= Andreas Frey =

German economist

Andreas Frey (born 5 June 1967 in Geislingen an der Steige, Germany) is a German economical scientist
and Rector of the Nürtingen-Geislingen University of Applied Science (HfWU) for the period 2013 – 2019.
== Biography ==
Andreas Frey grew up in Geislingen and took „Abitur“ at the Michelberg-Gymnasium before studying at the University of Wisconsin, USA, and at the University of Ulm, where he was awarded his doctorate (Dr. rer nat.) After a post-doc at the Tokyo Institute of Technology and further research activities in the same city he returned to Germany to take up a post as a systems engineer at Siemens AG.

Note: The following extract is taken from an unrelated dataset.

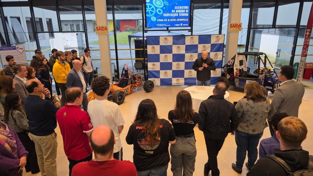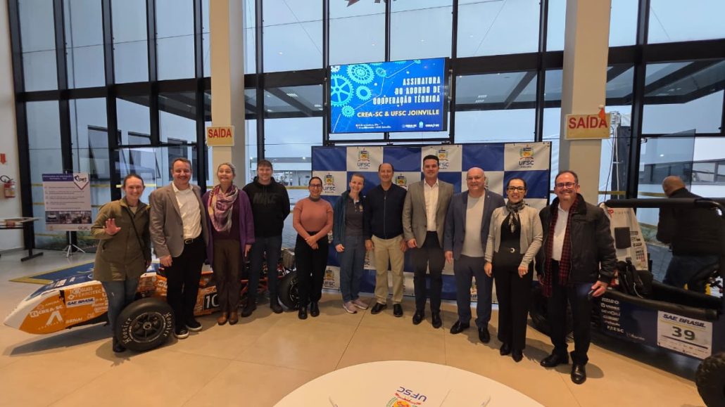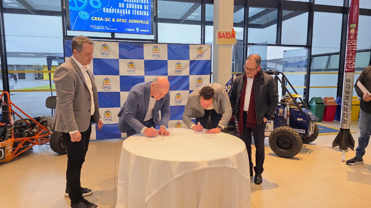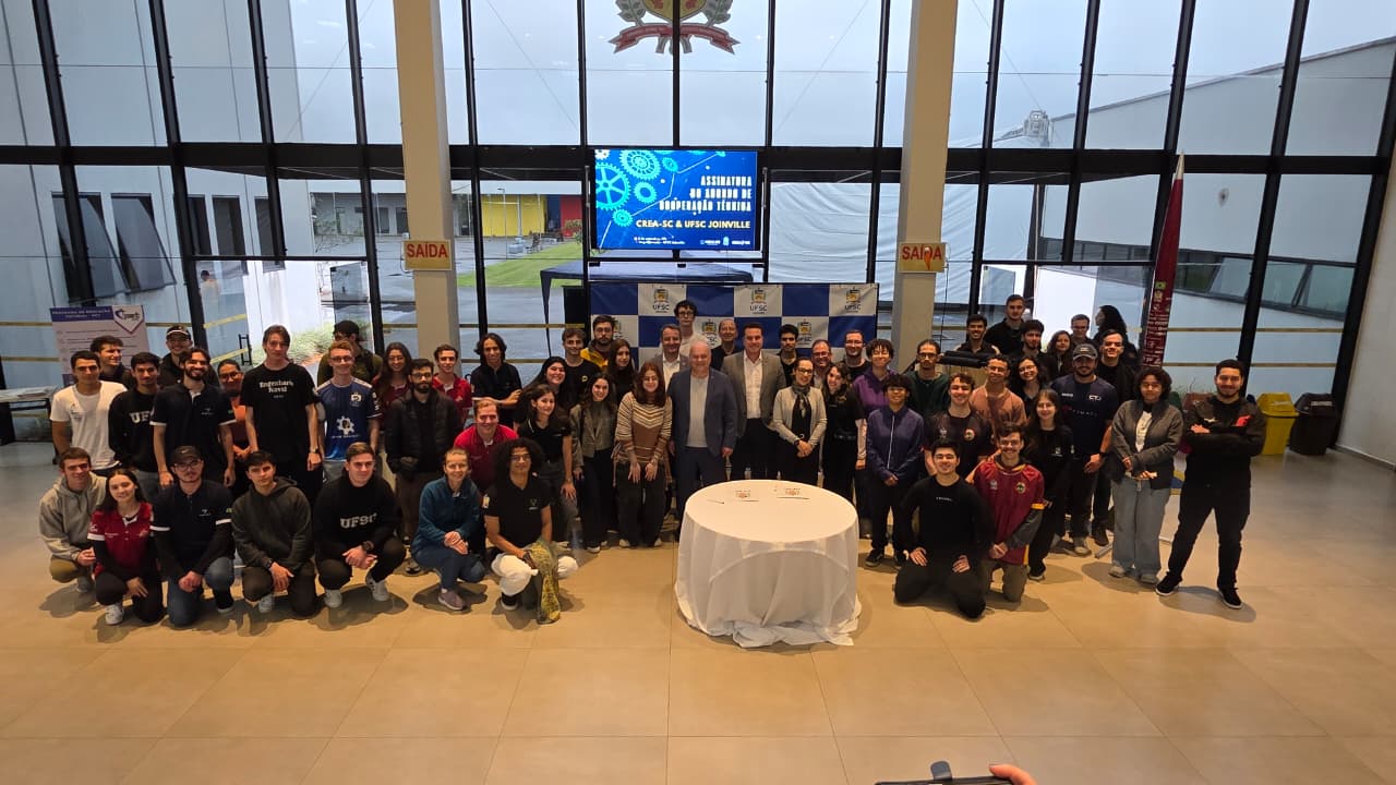 Na última segunda-feira (8), o CREA-SC e o Centro Tecnológico da Universidade Federal de Santa Catarina (UFSC) em Joinville oficializaram Acordo de Cooperação Técnica, com o objetivo de promover o desenvolvimento técnico, profissional e comportamental dos estudantes dos cursos vinculados ao Sistema Confea/Crea.

In 2004 he was awarded the professorship of Economic Mathematics, Statistics and Informatics at the University of Osnabrück in Germany, where he taught until 2013. He was also Dean of Education and Vice-Dean of the Faculty of Economic and Social Science, and headed a working group on „International Strategy“. Further, he was a spokesman for the Innovation Centre for Internationalisation and representative for China, organising the German-Chinese Symposium as well as China and Japan Weeks in Osnabrueck.

In April 2013 he was elected Rector of the HfWU for a period of six years, as successor of Werner Ziegler. He took office on 1 October 2013.

== Publications ==
Frey is author of more than 30 publications in German and English; he has been guest professor at the Shanghai Institute of Foreign Trade and visiting scientist at Waseda University in Japan.